BEIJING (AP) — “Twilight” director Catherine Hardwicke said Thursday she is making a sweeping romantic epic set in an ancient Silk Road city located in present-day western China.
“Loulan” will be based on a city and kingdom of the same name that mysteriously disappeared hundreds of years ago. Its ruins are surrounded by desert in China’s Xinjiang region, which stretches to Central Asia. One mummy unearthed from the area in recent decades is known as the “Loulan Beauty,” and she was Caucasian with European features.
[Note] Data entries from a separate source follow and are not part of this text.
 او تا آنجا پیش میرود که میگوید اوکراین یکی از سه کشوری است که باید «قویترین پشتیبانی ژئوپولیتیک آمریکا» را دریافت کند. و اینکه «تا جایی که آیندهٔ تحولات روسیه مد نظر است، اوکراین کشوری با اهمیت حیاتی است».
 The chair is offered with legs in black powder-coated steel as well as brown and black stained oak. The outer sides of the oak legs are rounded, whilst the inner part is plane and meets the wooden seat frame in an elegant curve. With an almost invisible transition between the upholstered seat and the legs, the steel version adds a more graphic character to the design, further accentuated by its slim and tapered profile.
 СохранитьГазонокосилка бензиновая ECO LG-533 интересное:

Hardwicke said the $50 million China-U.S. co-production will revolve around a princess who may be the Loulan Beauty’s “great-great granddaughter,” and who will be played by an American or English actress. It will be set in 200 B.C., at a time when Loulan was a thriving city on the Silk Road trading route that linked China to the West.
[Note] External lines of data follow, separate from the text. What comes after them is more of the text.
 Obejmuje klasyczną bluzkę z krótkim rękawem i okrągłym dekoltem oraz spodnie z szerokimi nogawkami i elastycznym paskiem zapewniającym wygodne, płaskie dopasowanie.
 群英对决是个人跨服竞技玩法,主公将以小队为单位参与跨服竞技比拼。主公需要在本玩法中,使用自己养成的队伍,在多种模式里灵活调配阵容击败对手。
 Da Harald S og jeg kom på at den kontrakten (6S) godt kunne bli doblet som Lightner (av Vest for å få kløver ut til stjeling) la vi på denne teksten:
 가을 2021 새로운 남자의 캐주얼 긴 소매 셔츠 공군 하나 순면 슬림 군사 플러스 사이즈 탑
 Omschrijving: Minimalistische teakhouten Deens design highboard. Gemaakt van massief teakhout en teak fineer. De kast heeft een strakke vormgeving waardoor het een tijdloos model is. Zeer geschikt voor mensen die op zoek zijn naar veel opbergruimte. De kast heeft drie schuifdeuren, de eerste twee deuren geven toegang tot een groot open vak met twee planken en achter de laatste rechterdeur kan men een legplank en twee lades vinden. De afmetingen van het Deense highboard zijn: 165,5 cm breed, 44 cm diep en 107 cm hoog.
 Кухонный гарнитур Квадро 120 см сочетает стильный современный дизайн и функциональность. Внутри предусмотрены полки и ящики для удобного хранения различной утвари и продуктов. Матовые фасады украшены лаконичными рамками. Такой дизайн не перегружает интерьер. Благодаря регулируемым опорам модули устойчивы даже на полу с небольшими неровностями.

The script is still being written, but the story in what is planned to be the first part of a trilogy will see Loulan fought over by Han Chinese and warlike nomads, the Huns.
“We have the princess who is in a kind of neutral kingdom at the nexus to the Silk Road, Loulan, and she’s trying to keep peace and stay neutral, try to stay like Switzerland between the Huns to the north and the Han dynasty to the east,” Hardwicke said.
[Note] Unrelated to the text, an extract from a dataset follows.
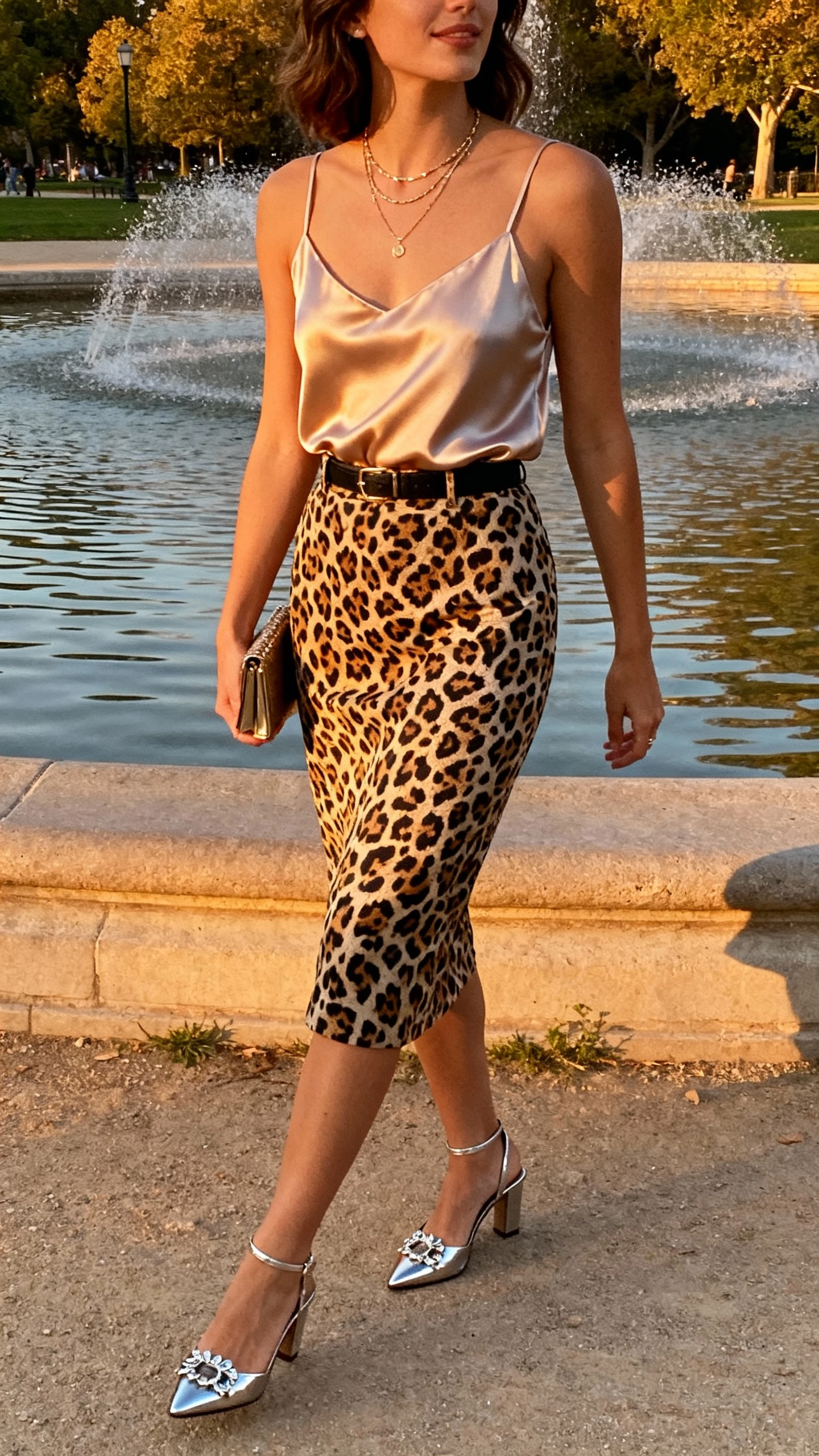 When you need your leopard skirt to serve full glamour, pair it with silk and a killer heel. The combination looks dressy without being overdone. It’s that perfect “cocktail but cool” energy.
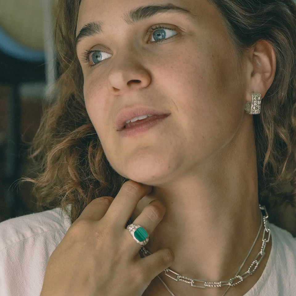 Napisałam do Julii Winiarskiej drżącymi palcami. To spotkanie dwóch rzemiosł od dawna wierciło mi miejsce w sercu. Po pierwszym spotkaniu z błyszczącymi oczami, parującymi głowami wiedziałyśmy, że to początek historii o pasji, wolności twórczej, dziecięcej radości, mocy działania i rzemiosła. Pierwsza kolekcja srebrnej biżuterii

She said the two warring sides both send “young charismatic hot men diplomats to try to win her heart and her loyalty.” The movie will be a coming-of-age romance, set against the backdrop of a mixing pot of cultures including Persians, Indians, Greeks, Romans and Chinese, she said.
Hardwicke, who directed the first installment of the successful movie series “Twilight” about a young girl caught in a love triangle with a vampire and a werewolf, told The Associated Press she thought she had been asked to direct “Loulan” because of “Twilight” — “that kind of powerful love story that was intimate yet had scope and scale and beauty.”
Explaining why she took on “Loulan,” she said, “I loved the idea of this mix of cultures and these young kids that are in love and that are struggling with very heavy issues of war and peace.”
Filming in Xinjiang and Beijing is expected to start in August 2016, with a target release date of late 2017 or early 2018.
The film is being produced by Loulan Mystery Movie & TV Culture (Beijing) Co. Ltd., a private special purpose company formed with Chinese investment, and Village Roadshow Pictures Asia, whose holding company is the Los Angeles-based Village Roadshow Entertainment Group.